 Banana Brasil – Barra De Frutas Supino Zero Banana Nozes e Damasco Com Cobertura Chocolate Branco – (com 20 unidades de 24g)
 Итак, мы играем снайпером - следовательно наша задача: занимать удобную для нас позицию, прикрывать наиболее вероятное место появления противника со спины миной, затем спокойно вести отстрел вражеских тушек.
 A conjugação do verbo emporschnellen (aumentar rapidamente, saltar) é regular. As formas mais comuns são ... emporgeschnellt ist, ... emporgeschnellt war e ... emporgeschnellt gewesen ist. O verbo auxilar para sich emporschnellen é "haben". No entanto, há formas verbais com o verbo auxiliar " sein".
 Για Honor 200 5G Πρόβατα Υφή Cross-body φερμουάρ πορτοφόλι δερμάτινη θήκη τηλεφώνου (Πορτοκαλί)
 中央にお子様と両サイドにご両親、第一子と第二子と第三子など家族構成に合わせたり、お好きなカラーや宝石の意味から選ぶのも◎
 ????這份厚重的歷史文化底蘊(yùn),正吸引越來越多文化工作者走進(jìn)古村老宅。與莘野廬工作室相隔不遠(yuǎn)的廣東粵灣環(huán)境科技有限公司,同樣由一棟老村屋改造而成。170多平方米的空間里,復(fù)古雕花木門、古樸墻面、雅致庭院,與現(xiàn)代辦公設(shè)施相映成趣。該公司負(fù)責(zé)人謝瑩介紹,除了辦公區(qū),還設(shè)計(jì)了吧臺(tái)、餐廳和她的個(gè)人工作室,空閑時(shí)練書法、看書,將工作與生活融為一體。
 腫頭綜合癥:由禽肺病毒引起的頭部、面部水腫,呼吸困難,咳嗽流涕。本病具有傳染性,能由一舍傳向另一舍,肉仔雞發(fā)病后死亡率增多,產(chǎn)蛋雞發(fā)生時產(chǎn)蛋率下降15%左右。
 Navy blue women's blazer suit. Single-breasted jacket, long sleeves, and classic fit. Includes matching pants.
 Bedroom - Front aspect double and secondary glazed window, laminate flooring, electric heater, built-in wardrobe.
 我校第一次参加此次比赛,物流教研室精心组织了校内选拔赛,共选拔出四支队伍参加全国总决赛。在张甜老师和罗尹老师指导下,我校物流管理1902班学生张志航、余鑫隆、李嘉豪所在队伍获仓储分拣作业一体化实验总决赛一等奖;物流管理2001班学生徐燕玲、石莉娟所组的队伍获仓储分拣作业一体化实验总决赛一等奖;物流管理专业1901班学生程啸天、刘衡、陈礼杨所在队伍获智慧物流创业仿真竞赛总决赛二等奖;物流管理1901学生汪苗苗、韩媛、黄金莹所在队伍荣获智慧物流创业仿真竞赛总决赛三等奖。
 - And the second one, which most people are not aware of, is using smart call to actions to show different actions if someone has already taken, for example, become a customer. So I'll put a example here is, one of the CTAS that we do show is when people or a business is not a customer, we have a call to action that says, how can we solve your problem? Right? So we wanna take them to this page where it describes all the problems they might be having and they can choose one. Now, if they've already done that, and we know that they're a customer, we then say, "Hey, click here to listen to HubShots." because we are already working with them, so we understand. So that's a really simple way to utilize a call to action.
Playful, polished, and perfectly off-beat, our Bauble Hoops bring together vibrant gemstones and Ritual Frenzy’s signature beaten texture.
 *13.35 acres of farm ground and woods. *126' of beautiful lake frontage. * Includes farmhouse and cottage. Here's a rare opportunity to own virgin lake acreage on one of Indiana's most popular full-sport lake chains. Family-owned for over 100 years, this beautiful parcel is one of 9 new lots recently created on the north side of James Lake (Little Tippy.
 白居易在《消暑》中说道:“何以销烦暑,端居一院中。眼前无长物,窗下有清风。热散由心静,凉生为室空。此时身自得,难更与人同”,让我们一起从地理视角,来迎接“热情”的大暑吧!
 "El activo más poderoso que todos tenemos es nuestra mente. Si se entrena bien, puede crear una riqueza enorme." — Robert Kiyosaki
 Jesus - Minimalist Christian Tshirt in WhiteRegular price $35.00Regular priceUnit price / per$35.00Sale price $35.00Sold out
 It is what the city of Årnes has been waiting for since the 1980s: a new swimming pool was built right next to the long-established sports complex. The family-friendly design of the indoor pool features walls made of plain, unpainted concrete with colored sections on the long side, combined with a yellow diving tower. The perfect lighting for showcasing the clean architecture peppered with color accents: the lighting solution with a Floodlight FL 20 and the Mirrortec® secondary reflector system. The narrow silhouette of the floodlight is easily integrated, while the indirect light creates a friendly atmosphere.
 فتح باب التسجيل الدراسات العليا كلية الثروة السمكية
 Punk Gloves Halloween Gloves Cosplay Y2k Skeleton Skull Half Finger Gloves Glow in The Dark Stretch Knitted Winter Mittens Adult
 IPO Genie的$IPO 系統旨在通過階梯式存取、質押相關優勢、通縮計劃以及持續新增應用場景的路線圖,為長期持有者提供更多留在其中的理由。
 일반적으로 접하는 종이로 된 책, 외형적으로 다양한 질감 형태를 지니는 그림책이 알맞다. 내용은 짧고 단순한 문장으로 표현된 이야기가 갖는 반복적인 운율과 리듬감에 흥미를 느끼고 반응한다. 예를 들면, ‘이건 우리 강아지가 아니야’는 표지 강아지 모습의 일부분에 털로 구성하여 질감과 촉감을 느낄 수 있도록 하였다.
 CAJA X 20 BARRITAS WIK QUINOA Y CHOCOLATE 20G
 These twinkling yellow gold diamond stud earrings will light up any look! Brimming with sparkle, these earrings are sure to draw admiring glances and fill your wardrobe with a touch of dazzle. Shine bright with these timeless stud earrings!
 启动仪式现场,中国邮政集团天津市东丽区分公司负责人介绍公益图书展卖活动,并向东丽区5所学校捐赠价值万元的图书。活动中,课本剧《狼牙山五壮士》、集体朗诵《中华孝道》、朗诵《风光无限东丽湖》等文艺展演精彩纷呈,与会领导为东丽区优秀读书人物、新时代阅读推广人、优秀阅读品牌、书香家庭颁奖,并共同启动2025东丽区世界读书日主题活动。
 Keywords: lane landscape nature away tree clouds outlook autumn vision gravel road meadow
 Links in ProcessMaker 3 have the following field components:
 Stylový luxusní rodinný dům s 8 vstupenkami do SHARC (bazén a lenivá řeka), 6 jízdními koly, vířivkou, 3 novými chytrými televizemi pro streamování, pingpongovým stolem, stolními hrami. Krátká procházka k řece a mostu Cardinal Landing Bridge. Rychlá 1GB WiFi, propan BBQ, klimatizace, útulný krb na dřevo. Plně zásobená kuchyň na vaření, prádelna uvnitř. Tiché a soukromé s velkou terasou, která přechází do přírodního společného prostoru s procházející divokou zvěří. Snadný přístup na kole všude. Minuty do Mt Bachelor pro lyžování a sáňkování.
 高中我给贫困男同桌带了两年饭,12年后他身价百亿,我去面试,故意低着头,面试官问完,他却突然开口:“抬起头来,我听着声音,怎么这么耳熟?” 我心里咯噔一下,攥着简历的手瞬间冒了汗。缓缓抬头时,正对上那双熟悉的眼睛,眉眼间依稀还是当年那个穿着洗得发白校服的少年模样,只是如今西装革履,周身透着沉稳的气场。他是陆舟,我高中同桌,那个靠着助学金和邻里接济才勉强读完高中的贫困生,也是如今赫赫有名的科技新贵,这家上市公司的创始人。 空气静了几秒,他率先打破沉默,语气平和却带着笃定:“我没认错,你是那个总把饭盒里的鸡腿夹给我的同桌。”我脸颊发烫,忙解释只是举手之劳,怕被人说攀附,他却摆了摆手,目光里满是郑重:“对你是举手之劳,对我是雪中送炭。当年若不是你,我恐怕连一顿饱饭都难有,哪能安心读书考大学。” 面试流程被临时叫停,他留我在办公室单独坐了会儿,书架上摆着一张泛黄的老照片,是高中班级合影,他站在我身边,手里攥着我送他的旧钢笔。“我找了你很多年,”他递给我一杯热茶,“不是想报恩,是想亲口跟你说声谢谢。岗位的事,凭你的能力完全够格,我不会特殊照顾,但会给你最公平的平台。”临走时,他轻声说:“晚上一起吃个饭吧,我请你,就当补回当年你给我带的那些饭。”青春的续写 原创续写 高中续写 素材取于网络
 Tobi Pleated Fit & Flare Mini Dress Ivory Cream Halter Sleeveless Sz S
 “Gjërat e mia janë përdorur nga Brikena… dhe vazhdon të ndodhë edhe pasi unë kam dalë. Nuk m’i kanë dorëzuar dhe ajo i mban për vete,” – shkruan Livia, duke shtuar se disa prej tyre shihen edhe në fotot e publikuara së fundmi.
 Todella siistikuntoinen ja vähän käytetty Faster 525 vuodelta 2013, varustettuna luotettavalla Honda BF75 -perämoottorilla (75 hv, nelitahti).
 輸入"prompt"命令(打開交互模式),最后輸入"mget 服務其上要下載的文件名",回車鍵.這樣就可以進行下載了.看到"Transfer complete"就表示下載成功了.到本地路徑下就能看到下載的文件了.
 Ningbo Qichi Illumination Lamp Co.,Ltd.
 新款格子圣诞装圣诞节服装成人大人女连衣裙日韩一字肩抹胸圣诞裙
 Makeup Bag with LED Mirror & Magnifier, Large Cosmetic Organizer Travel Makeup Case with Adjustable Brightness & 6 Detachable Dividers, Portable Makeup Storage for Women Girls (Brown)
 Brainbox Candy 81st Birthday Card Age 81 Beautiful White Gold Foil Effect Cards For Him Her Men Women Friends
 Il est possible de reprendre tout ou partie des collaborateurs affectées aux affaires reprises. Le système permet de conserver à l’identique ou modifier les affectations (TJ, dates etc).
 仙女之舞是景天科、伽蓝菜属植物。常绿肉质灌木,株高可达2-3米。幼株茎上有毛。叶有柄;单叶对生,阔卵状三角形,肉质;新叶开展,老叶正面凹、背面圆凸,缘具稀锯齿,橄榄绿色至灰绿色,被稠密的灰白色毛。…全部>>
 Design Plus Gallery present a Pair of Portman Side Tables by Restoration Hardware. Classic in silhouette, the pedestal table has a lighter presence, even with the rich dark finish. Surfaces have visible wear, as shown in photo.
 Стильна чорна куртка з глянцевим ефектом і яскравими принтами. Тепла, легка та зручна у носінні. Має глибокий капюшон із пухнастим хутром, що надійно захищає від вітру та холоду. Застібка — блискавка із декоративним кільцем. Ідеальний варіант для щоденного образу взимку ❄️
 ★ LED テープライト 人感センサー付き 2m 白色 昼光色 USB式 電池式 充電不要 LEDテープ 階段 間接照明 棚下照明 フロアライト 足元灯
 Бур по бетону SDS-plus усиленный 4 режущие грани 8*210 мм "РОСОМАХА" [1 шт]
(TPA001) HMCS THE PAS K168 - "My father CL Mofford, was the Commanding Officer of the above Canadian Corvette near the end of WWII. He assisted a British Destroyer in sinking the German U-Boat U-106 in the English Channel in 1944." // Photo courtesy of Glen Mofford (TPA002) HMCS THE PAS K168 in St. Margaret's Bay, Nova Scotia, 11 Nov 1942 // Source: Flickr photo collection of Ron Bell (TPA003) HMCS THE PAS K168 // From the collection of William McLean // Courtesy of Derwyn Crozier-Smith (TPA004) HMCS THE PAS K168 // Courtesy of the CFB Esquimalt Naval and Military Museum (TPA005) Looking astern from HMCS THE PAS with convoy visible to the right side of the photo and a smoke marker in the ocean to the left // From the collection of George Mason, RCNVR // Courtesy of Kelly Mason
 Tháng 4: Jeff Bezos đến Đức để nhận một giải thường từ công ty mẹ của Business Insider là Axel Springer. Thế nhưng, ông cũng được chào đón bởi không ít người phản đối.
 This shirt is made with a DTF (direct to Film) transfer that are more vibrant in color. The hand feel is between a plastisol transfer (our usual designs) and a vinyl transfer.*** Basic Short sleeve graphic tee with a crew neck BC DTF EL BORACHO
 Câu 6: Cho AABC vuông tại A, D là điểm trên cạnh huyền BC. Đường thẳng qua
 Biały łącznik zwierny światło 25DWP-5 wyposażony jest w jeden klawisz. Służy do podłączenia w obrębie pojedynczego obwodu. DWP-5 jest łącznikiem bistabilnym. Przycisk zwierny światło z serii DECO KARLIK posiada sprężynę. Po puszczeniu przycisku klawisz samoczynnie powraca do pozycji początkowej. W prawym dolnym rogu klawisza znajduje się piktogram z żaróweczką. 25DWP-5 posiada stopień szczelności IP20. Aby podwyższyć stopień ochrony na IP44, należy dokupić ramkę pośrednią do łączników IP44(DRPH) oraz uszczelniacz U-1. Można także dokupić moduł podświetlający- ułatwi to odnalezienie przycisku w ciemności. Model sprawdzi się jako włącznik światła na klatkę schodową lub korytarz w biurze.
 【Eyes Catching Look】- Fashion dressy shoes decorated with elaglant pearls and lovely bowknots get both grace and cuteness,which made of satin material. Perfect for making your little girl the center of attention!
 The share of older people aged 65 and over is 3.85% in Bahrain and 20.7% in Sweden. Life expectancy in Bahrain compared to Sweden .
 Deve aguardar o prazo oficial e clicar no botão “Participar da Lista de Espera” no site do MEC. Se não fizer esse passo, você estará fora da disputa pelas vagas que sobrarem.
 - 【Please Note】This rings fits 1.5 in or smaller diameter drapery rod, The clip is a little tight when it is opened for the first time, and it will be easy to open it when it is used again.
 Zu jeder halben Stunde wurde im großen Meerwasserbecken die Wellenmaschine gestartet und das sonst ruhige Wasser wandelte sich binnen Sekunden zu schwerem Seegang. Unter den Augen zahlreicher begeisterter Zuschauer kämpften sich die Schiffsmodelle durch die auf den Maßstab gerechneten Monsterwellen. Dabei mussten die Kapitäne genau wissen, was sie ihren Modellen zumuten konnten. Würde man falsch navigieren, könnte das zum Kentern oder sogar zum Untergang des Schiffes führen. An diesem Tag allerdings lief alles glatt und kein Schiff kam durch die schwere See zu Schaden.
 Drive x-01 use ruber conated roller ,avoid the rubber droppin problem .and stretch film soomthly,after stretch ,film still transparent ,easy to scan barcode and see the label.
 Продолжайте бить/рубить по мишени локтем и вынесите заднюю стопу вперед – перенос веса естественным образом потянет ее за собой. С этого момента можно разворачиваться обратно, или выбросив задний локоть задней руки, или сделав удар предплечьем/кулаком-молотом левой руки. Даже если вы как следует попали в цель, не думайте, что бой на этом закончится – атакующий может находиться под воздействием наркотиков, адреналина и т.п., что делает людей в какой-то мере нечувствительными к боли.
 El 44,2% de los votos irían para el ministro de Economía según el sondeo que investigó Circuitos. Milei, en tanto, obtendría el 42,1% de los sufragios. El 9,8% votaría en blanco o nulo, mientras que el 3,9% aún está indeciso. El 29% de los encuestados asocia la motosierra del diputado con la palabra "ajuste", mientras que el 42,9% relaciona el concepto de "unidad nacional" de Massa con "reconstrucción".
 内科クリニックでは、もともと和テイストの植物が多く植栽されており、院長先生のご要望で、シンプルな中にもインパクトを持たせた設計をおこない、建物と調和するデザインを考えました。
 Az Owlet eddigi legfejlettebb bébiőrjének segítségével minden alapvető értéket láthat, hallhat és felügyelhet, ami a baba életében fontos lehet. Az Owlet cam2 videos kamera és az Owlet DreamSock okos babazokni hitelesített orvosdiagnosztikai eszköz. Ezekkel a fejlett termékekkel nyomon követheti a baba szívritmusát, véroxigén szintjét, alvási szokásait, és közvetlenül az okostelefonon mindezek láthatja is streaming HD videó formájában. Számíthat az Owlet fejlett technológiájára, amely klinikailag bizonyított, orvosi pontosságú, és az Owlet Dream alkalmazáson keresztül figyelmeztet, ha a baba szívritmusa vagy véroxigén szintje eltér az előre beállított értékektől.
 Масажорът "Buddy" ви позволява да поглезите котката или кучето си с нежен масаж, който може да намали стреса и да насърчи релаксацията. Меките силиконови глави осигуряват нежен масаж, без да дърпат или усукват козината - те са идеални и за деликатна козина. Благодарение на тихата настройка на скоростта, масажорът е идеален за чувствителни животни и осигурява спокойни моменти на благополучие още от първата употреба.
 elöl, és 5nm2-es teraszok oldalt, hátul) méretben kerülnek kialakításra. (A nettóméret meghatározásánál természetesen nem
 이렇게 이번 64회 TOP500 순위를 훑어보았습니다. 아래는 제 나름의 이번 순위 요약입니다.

● **Task brief**
Repeat, character for character, the lines of the material above from the line with "Navy blue women's" through the line with "Jesus - Minimalist".

● **Response area**
 Navy blue women's blazer suit. Single-breasted jacket, long sleeves, and classic fit. Includes matching pants.
 Bedroom - Front aspect double and secondary glazed window, laminate flooring, electric heater, built-in wardrobe.
 我校第一次参加此次比赛,物流教研室精心组织了校内选拔赛,共选拔出四支队伍参加全国总决赛。在张甜老师和罗尹老师指导下,我校物流管理1902班学生张志航、余鑫隆、李嘉豪所在队伍获仓储分拣作业一体化实验总决赛一等奖;物流管理2001班学生徐燕玲、石莉娟所组的队伍获仓储分拣作业一体化实验总决赛一等奖;物流管理专业1901班学生程啸天、刘衡、陈礼杨所在队伍获智慧物流创业仿真竞赛总决赛二等奖;物流管理1901学生汪苗苗、韩媛、黄金莹所在队伍荣获智慧物流创业仿真竞赛总决赛三等奖。
 - And the second one, which most people are not aware of, is using smart call to actions to show different actions if someone has already taken, for example, become a customer. So I'll put a example here is, one of the CTAS that we do show is when people or a business is not a customer, we have a call to action that says, how can we solve your problem? Right? So we wanna take them to this page where it describes all the problems they might be having and they can choose one. Now, if they've already done that, and we know that they're a customer, we then say, "Hey, click here to listen to HubShots." because we are already working with them, so we understand. So that's a really simple way to utilize a call to action.
Playful, polished, and perfectly off-beat, our Bauble Hoops bring together vibrant gemstones and Ritual Frenzy’s signature beaten texture.
 *13.35 acres of farm ground and woods. *126' of beautiful lake frontage. * Includes farmhouse and cottage. Here's a rare opportunity to own virgin lake acreage on one of Indiana's most popular full-sport lake chains. Family-owned for over 100 years, this beautiful parcel is one of 9 new lots recently created on the north side of James Lake (Little Tippy.
 白居易在《消暑》中说道:“何以销烦暑,端居一院中。眼前无长物,窗下有清风。热散由心静,凉生为室空。此时身自得,难更与人同”,让我们一起从地理视角,来迎接“热情”的大暑吧!
 "El activo más poderoso que todos tenemos es nuestra mente. Si se entrena bien, puede crear una riqueza enorme." — Robert Kiyosaki
 Jesus - Minimalist Christian Tshirt in WhiteRegular price $35.00Regular priceUnit price / per$35.00Sale price $35.00Sold out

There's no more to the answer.